Türkiye’yi bölgeyi kontrolde aracı olarak kullanmak yeni bir proje değildir. Avrupa Birliği’nin Türkiye’yi üye yapmak istememesi de bununla ilgilidir. Ancak üyeliğimizi İngiltere desteklerken Almanya ve Fransa karşı çıkmaktadır ve bu karşıtlık ülkemizin istenen tavrı takınmasıyla alakalı değildir. Türkiye ile birlikte olacak Avrupa ülkesi bölgede çok etkin olacaktır ve bu konuda İngiltere kararlıdır Türkiye’nin AB’ye katılmasını ve kendisine yakın olmasını istemektedir. Diğer taraftan Avrupa ile mevcut rekabet nedeni ile de ABD ve Rusya Türkiye’nin bölgede güç olmasının kendilerine zarar vermeyeceğini düşünüyorlar.
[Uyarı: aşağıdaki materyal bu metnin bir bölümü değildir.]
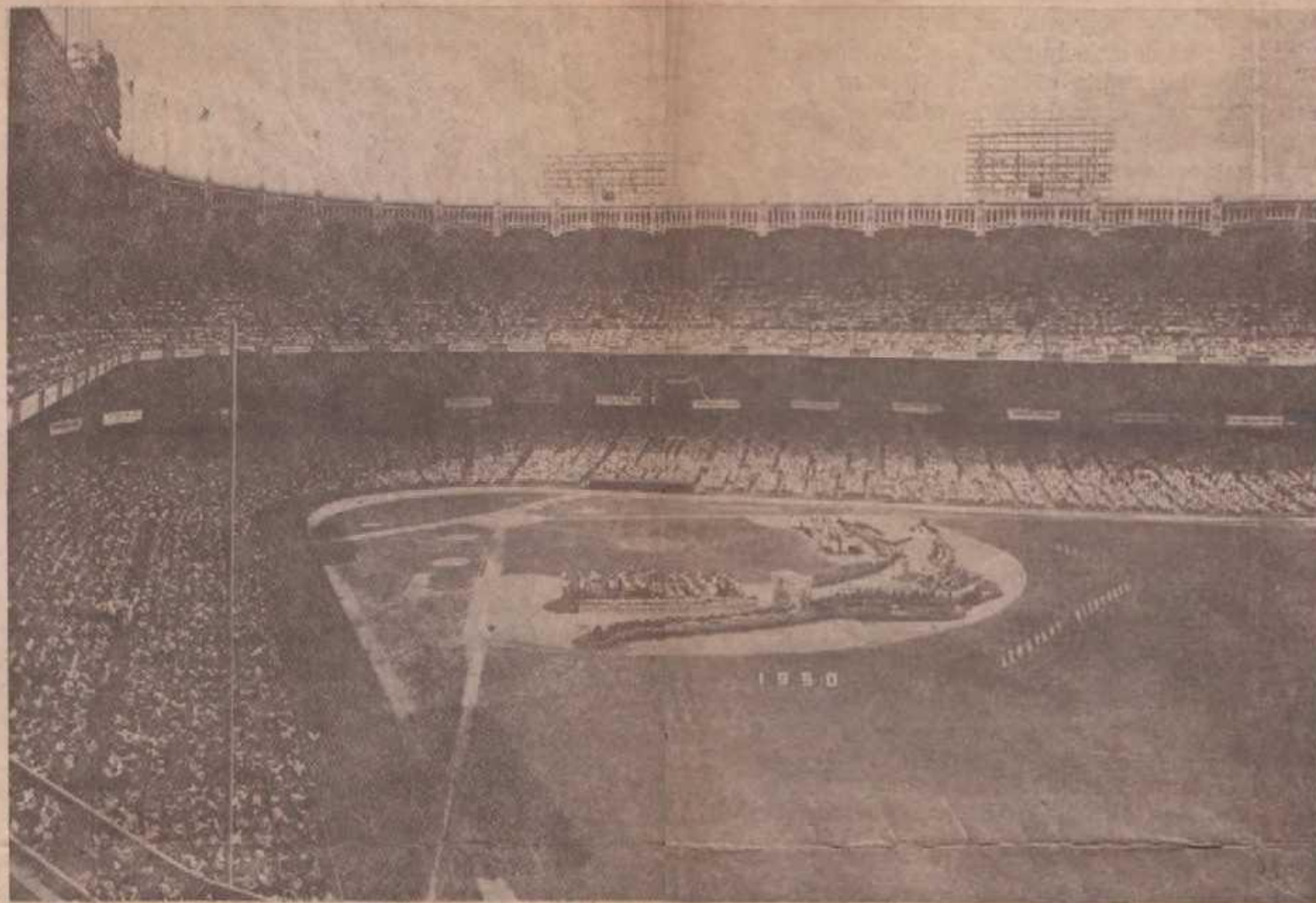
View of Yankee Stadium filled to capacity on opening day of the 1950 assembly. Seventy thousand from 67 nations here observe the graduation of students from 32 nations, who had just finished their missionary studies at the Watchtower Bible School of Gilead. The opening day of the 1953 assembly, Sunday, July 19, you can attend Gilead's 21st graduation.

This assembly is not just to sing hymns and have prayer meetings. It will be profitable and instructive, practical and informative. Discourses on each day's program will increase your knowledge of God's Word, will help you understand the reason for the troubles and confusion in the earth today, and will give practical information that can be applied to your daily living. Here you will learn of the fulfillment of Bible prophecies concerning the coming of a New World society, a new system of things that will replace today's tired, worn-out and discouraging old world. You will see the results of such a system in the unity, oneness and Christian fellowship evident at the assembly. Today we face the worst of times. Ahead, however, are the best of times. Do you know why? Do you want to benefit from them? Would you like to know why Jehovah's witnesses do not have the world's cringing fear of the future, but instead demonstrate vigorous Christian action all over the globe? The answer is in no sense political, but concerns what God's Word says about our day. Come hear this answer, and be convinced!
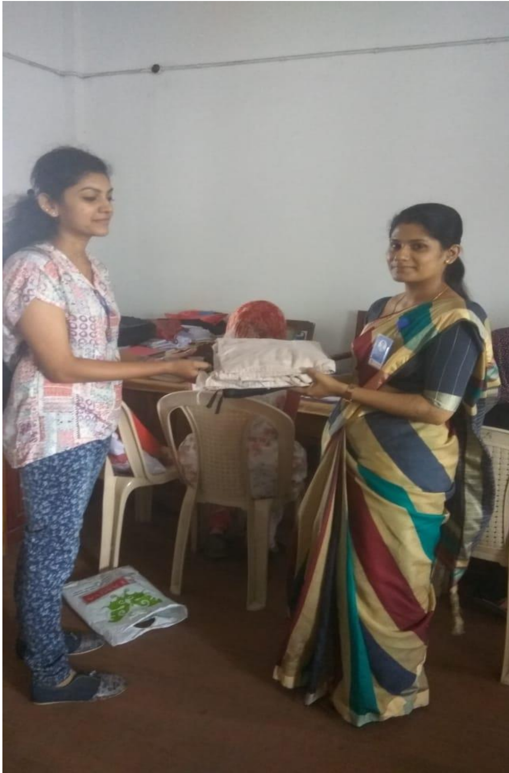
A helping hands from Alumni
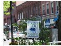
Business Partnership Initiative
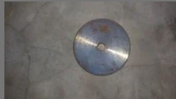
Pitch Gear 120 Teeth
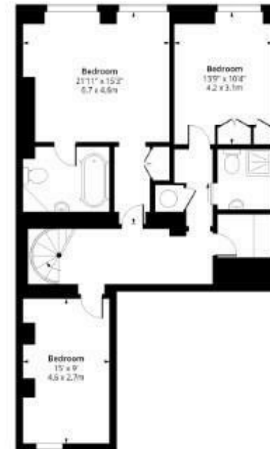
Lower Ground Floor Floor Area 862 Sq Ft - 80.08 Sq M
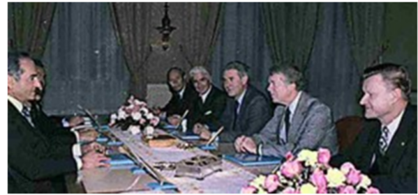
The Shah (left), Brzezinski (right), Carter (second right)

That the U.S. would support al-Qaeda in terrorist atrocities runs wholly counter to impressions created by the U.S. media. Yet this on-going unholy alliance resurrects and builds on the alliance underlying Zbigniew Brzezinski’s 1978-79 strategy of provocation in Afghanistan, at a time when he was President Carter’s National Security Adviser.
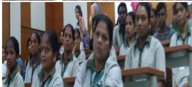
Workshop cum interactive session on "Hygiene and Cleanliness Strategies" for janitors karmacharis
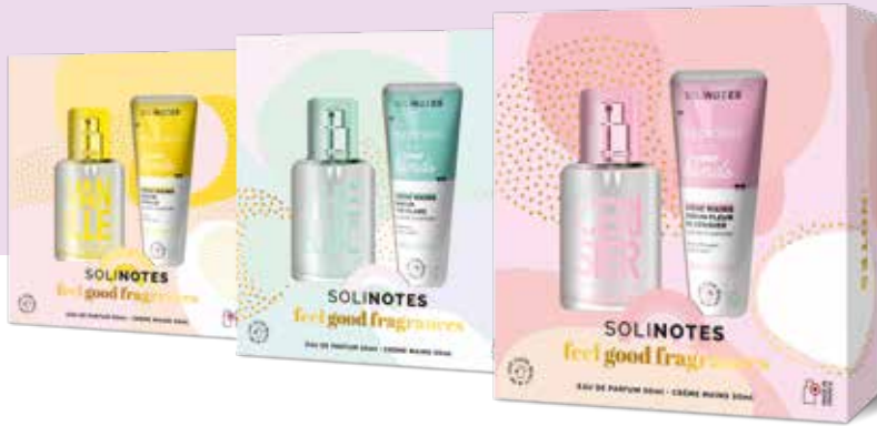
GIFT SET EAU DE PARFUM 50ML + HAND CREAM 30ML
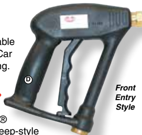
Front Entry Style

Features: Glass reinforced plastic body • Stainless Steel seat insert, ball and actuating rod • Forged brass valve housing • Viton® seals • Available with either zero-leak or weep-style seats • Good balance and light trigger pull • No liquid flow through the handle so 300 degree fluids can be used comfortably • Extremely durable, yet lightweight.
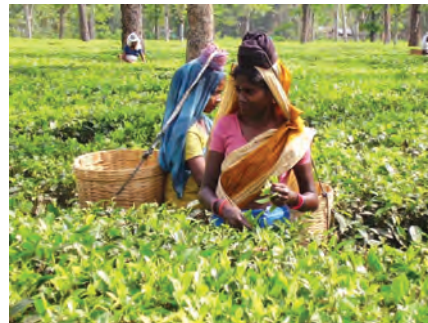
Fig. 4.11: Tea-leaves Harvesting

Horticulture Crops: In 2017, India was the second largest producer of fruits and vegetables in the world after China. India is a producer of tropical as well as temperate fruits. Mangoes of Maharashtra, Andhra Pradesh, Telangana, Uttar Pradesh and West Bengal, oranges of Nagpur and Cherrapunjee (Meghalaya), bananas of Kerala, Mizoram, Maharashtra and Tamil Nadu, lichi and guava of Uttar Pradesh and Bihar, pineapples of Meghalaya, grapes of Andhra Pradesh, Telangana and Maharashtra, apples, pears, apricots and walnuts of Jammu and Kashmir and Himachal Pradesh are in great demand the world over.
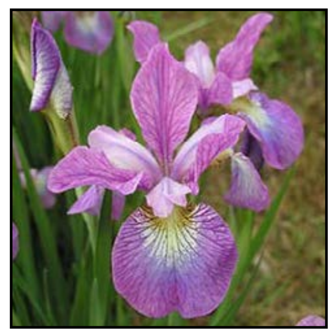
ILLINI CHARM (Varner, S.) 24", E. to L., 4" $12.00

This purple selection of Iris sanguinea has a striking flower form with pendulous falls and vertical standards.
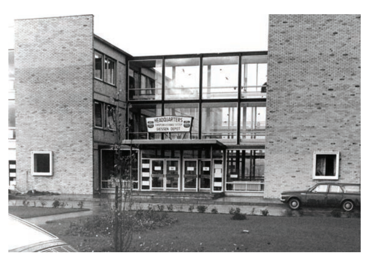
A photo of the Giessen Distribution Center from the early 1960s.

In February 2017, Exchange managers from the Dallas HQ and Europe celebrated the <u>grand opening</u> of the Germersheim Distribution Center and boxed up Giessen's memories for the Exchange history archives. X
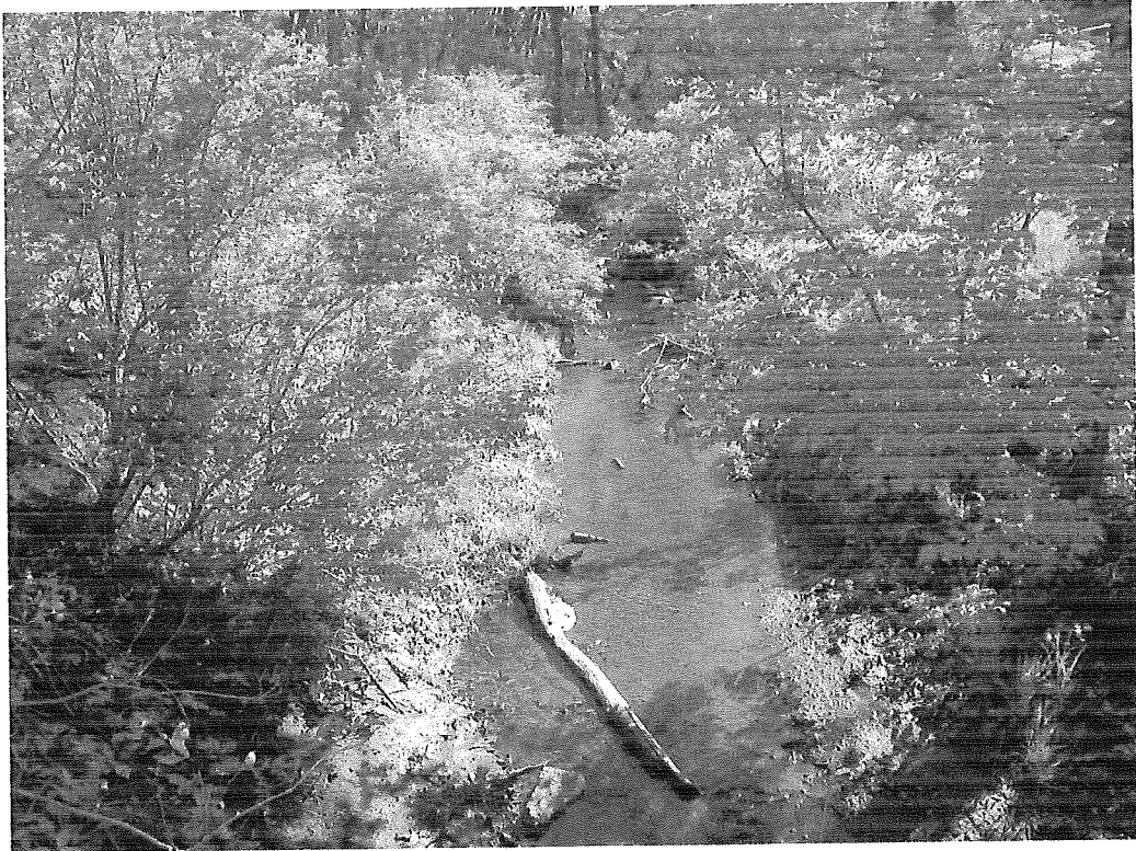
Creek Photo from First Unitarian Church ( facing south )
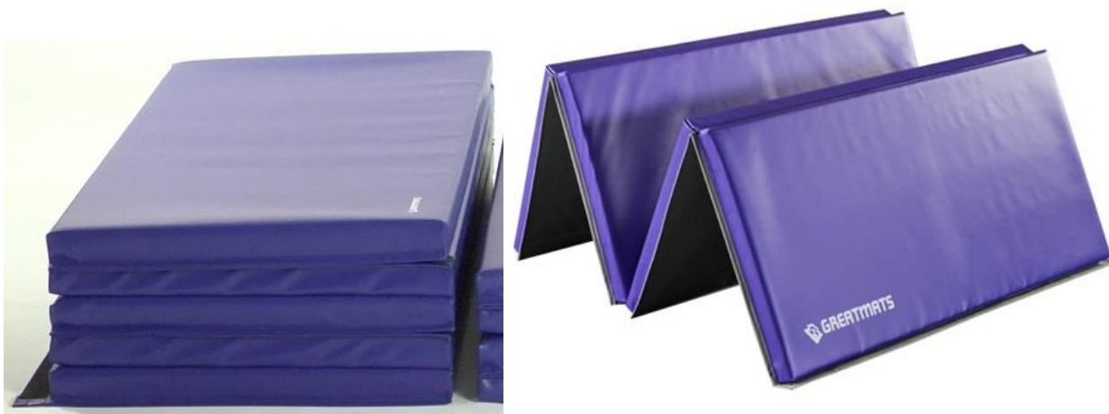
Figure 2: Examples of Typical Additional Matting Overlay.

Comparable systems may be used subject to review by Reverb Acoustics.
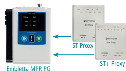
Now integrated with Embletta MPR Scalable Sleep System
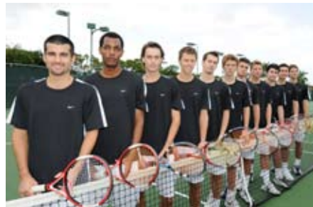
Men's Tennis – 2008 Spring Term GPA 3.236
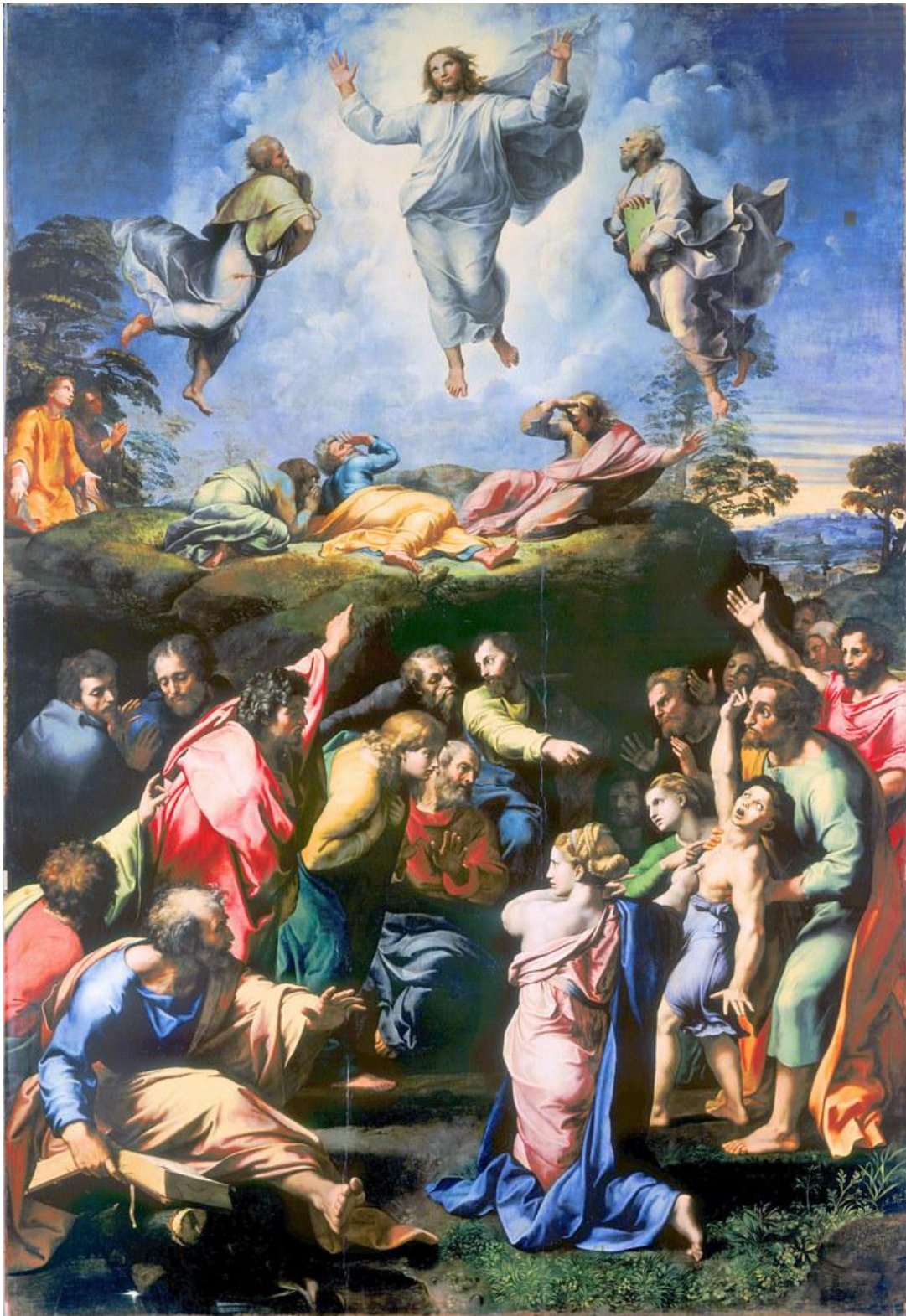
Raphael, The Transfiguration (1520)

Çünkü her ikisi de enerji ihtiyacını karşılıyor hatta ihraç ediyorlar. Oysa Avrupa enerji bağımlılığı nedeniyle Türkiye-ABD-Rusya birlikteliğinin her açıdan dünyadaki güç dengesinde etkili olacağını biliyor ve kendi güçlerini Çin ile paylaşmak istiyor. Bölgede Türkiye’ye karşı hareketler esas itibariyle buna dayanmaktadır. Halkımızın hassasiyetlerinin bir takım provokasyonlar ve terör eylemleri ile tahrik edilmeye çalışılmasının ana sebebi de budur. Meselelere genel analizler çerçevesinde bakılmalıdır diye düşünüyorum.